Everything You're Thinking About Nintendo Is Totally Wrong - AndrewDucker
http://www.wired.com/gamelife/2014/01/nintendo-mobile/
======
Tiktaalik
I agree with a great deal of what is said here, but the article doesn't
discuss the fact that it appears that multi-touch devices have become the
entry point to gaming (and technology in general) for very young children.

At coffee shops I am now constantly seeing the situation where adults are
chatting amongst themselves and a toddler has been given a mobile phone or
tablet to watch netflix or play some very simple kids game.

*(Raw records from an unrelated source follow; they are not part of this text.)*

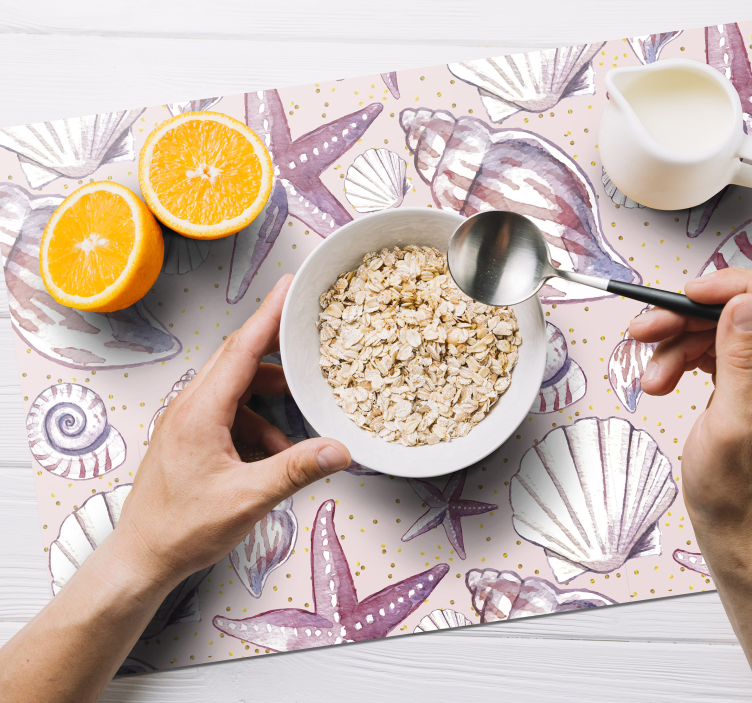Oplev skønheden i havet med vores Skaldyr mønster dækkeserviet, der præsenterer et grafisk design fyldt med muslingeskaller, søstjerner, sand og liv fra oceanet. De bløde farver og naturlige elementer skaber en atmosfære, der bringer stranden lige ind i dit hjem. Denne dækkeserviet er ikke kun praktisk, men også et kunstnerisk indslag, der vil imponere dine gæster!
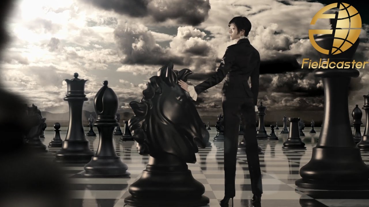 強大なチェス盤の上、白と黒の世界の中に佇む真木さん。
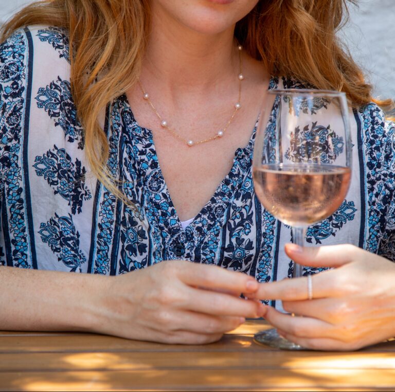 Chemicals aren’t friendly to pearls. After every use, we recommend wiping the jewelry with a soft cloth or, if needed, a damp cloth.
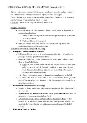 Notes- Structured for the Exam Topics (Weeks 4-11) International Sale of Goods International Carriage of Goods by Sea Marine Insurance International Carriage of Goods by Air Payments in International Sale of Goods Transactions (UPC600) Dispute Resolution Note: the cargo clauses are not included in these notes, and would have to be printed out separately. However, all the relevant articles/sections are in the notes including summaries of the cases related.
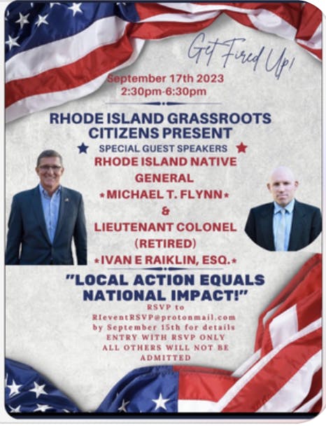 Flynn is scheduled to be at the Park Theatre in Cranston on Sunday at 3 PM for the event titled “Local Action Equals National Impact,” hosted by a group called “Rhode Island Grassroots Citizens.”

I think it should be genuinely concerning to Nintendo that kids growing up
with multi-touch tablets may never feel the need to move onto a Nintendo
system.

It makes me wonder if there is space in the market for Nintendo to develop a
toddler focused, bomb proof, tablet in addition to their traditional handheld
lineup.

------
joosters
This comment on Reddit gives a much more convincing argument about where
Nintendo went wrong with the Wii U, and so what they need to do to fix it:

[http://www.reddit.com/r/truegaming/comments/1vowvg/how_can_n...](http://www.reddit.com/r/truegaming/comments/1vowvg/how_can_nintendo_right_the_ship/ceuqe4g?context=3)

TL/DR: Bad marketing and branding.